Analysis of user preference is among the crucial tasks at early stages of new product development (NPD). In order to satisfy diversified user preferences in the market, product companies have struggled to design a variety of products to address different customer voices. In this context, product family design (PFD) is a widely adopted strategy to deal with such product realization needs. Besides preference diversity, uncertainty of user preference is another important aspect that can greatly affect product design and offerings especially when customer preferences are not clear, not fully identified, or have drifted overtime. Previously, we have studied an ontology-based information representation for PFD, which offers a modeling scheme to assist multi-faceted product variant derivation. In this paper, we explore how ontology can be further extended to handle user preference uncertainty by using a Bayesian network representation.

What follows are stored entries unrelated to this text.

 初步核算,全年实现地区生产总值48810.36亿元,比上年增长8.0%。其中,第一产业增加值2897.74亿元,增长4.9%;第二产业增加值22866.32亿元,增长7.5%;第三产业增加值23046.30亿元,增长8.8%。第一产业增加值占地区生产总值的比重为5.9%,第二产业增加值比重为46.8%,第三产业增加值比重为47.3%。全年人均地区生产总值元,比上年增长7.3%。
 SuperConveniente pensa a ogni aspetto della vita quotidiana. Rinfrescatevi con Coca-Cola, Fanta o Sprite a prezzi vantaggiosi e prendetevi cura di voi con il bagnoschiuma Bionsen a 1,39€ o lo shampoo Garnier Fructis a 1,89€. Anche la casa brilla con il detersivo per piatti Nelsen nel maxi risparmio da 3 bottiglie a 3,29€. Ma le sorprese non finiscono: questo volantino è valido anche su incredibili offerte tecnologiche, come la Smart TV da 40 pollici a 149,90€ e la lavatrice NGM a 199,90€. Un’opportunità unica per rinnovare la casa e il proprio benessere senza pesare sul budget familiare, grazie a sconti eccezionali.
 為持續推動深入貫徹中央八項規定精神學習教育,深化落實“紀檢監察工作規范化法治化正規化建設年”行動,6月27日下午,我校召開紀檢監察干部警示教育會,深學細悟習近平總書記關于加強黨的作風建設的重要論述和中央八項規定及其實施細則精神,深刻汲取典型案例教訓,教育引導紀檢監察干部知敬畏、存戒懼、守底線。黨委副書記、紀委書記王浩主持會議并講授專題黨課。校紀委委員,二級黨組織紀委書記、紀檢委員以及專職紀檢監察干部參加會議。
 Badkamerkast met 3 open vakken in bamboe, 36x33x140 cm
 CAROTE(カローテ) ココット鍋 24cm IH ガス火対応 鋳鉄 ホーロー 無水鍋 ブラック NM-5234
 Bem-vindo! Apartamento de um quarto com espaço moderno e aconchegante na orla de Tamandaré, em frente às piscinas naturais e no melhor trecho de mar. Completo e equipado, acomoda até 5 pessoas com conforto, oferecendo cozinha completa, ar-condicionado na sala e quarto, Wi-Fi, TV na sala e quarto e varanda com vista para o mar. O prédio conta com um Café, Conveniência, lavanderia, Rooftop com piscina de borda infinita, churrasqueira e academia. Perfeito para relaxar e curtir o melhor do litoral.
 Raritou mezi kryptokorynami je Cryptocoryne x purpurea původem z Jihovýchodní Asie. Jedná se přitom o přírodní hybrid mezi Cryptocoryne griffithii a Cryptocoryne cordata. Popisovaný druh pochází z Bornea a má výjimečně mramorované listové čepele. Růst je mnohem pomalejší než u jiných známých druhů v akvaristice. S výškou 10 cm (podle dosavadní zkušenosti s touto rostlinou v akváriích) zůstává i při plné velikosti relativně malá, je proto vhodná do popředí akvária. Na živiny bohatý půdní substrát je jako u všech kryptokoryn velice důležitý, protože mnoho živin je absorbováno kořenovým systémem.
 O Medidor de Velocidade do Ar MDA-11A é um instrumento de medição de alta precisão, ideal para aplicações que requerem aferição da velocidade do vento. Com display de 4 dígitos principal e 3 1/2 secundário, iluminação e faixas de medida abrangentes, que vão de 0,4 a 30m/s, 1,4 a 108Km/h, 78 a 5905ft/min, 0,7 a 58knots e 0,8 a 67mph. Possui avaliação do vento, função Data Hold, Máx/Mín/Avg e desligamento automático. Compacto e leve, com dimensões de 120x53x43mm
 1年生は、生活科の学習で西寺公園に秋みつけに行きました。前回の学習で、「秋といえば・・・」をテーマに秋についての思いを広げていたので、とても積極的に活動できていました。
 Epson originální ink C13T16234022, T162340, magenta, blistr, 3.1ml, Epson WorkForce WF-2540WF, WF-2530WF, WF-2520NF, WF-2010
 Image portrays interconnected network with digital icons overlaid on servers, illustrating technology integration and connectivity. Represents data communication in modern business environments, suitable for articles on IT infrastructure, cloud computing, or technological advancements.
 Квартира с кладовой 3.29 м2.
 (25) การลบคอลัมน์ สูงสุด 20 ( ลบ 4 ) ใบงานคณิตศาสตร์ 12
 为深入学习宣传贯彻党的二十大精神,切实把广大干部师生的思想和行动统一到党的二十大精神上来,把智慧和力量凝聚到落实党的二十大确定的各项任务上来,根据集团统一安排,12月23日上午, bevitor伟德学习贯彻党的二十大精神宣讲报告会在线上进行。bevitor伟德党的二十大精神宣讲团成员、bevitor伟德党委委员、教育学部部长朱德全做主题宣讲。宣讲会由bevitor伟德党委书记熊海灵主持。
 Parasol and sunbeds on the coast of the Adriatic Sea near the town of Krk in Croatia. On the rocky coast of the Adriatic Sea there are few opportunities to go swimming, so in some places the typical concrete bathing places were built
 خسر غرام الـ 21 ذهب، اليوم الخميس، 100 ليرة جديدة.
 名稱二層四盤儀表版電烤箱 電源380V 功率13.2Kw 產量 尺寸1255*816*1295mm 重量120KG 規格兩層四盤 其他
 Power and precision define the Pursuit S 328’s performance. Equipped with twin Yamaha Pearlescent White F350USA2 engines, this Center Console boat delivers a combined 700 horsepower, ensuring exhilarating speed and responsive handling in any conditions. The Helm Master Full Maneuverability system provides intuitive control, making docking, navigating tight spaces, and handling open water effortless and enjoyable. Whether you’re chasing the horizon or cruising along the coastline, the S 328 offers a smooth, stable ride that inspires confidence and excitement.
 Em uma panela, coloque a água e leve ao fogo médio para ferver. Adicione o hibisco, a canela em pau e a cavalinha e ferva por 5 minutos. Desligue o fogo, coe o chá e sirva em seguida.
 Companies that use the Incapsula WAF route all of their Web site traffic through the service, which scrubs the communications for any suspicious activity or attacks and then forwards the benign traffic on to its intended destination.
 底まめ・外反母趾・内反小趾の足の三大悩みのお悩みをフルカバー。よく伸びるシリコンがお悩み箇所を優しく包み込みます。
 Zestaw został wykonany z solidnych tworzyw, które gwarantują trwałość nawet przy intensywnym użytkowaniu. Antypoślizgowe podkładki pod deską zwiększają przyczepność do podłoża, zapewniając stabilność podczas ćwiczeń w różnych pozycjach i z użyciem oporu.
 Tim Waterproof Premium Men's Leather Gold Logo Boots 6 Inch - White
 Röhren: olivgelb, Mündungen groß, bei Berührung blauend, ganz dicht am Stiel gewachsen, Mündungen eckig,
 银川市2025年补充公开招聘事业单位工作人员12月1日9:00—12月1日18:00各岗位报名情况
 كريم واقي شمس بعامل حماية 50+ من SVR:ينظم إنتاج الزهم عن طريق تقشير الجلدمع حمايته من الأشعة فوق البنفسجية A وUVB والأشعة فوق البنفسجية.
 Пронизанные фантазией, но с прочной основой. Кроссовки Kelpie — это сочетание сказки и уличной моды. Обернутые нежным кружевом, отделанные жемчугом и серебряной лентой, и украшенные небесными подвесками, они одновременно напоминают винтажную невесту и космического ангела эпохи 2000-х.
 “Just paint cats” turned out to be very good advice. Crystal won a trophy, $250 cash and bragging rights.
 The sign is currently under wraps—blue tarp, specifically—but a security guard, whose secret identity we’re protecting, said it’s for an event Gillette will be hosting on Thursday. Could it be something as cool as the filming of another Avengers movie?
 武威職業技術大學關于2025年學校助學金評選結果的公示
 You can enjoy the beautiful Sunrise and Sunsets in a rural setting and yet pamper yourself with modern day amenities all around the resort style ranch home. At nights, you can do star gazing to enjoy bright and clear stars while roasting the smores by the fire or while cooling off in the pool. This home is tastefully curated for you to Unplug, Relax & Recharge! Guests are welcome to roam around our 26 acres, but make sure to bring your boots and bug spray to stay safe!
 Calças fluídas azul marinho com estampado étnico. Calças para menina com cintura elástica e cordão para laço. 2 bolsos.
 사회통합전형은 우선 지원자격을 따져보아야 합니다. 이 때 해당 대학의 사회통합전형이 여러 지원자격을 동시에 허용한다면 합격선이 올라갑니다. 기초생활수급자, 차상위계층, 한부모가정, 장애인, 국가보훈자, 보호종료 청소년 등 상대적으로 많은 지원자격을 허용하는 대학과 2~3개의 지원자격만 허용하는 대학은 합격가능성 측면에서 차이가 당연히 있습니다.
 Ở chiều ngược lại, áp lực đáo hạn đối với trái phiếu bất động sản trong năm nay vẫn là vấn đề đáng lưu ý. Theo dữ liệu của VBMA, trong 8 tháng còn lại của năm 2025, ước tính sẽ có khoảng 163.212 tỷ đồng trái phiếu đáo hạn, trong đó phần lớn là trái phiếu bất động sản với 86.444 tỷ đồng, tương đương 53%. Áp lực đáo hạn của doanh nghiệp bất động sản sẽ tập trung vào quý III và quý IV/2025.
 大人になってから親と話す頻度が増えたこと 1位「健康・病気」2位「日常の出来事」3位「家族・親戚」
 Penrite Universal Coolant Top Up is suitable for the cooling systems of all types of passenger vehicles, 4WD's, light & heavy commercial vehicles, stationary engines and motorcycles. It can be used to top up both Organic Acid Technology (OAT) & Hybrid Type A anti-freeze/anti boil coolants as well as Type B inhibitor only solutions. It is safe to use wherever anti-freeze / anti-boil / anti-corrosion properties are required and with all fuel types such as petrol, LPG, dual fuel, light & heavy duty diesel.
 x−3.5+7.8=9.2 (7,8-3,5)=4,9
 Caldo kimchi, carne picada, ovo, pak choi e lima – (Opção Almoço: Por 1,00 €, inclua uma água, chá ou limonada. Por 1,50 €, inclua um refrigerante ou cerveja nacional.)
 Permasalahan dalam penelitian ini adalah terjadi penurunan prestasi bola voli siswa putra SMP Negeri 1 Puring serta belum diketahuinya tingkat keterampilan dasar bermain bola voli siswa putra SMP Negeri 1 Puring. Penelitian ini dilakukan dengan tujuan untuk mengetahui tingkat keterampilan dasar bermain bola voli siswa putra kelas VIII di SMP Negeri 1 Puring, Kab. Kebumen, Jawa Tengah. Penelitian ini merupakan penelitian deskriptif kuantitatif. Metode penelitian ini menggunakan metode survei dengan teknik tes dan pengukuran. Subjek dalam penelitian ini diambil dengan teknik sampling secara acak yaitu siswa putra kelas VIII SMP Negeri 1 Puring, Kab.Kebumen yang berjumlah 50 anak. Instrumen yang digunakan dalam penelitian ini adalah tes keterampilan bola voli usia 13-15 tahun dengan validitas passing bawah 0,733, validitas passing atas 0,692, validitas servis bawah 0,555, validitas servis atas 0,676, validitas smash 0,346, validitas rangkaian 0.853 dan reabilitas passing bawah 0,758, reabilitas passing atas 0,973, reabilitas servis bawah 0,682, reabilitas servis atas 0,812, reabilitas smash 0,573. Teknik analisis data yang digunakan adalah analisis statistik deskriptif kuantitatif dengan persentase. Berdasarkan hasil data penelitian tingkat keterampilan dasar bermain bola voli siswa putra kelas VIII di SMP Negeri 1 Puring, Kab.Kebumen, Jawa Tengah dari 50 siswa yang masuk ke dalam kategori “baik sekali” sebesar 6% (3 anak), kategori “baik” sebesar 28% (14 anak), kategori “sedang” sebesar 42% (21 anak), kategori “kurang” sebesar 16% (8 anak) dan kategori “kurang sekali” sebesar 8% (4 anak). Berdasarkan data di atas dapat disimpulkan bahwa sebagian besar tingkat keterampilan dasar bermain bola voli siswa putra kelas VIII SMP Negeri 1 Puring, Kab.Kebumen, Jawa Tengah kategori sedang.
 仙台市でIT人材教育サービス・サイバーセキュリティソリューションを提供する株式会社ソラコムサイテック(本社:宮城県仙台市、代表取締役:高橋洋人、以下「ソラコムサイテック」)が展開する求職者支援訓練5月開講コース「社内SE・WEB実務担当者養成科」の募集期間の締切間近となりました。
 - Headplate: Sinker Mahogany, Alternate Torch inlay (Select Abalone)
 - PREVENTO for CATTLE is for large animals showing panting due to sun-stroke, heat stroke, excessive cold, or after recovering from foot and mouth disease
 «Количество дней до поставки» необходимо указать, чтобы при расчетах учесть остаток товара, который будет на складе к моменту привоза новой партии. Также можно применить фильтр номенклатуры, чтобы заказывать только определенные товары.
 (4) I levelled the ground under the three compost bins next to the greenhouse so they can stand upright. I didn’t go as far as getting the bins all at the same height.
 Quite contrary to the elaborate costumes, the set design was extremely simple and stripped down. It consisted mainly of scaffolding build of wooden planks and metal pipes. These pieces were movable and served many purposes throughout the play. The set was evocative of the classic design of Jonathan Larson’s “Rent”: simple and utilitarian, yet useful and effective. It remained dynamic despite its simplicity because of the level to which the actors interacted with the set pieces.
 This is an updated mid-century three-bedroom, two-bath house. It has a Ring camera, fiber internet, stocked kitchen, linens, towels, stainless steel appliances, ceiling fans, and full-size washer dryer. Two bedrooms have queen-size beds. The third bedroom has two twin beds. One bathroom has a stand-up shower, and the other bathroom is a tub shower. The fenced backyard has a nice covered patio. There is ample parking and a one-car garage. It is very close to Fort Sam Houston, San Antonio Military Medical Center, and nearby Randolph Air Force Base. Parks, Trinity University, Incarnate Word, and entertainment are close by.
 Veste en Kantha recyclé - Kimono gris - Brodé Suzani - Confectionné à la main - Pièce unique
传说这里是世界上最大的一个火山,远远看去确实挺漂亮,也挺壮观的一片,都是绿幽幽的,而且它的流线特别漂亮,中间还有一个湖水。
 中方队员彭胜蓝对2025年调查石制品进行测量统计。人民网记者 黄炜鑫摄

Customer preference uncertainty is expressed as a probability of preference towards certain product attributes. An approach to construct a Bayesian network that harnesses the existing knowledge modeling from product family ontology is proposed. Based on such a network representation and preference modeling, we have derived several probabilistic measures to assess the propagation and impact of user preference uncertainty towards platform preference. A case study of platform analysis using four laptop computer families is reported to illustrate how preference uncertainty can affect the suitability and selection of existing product platform.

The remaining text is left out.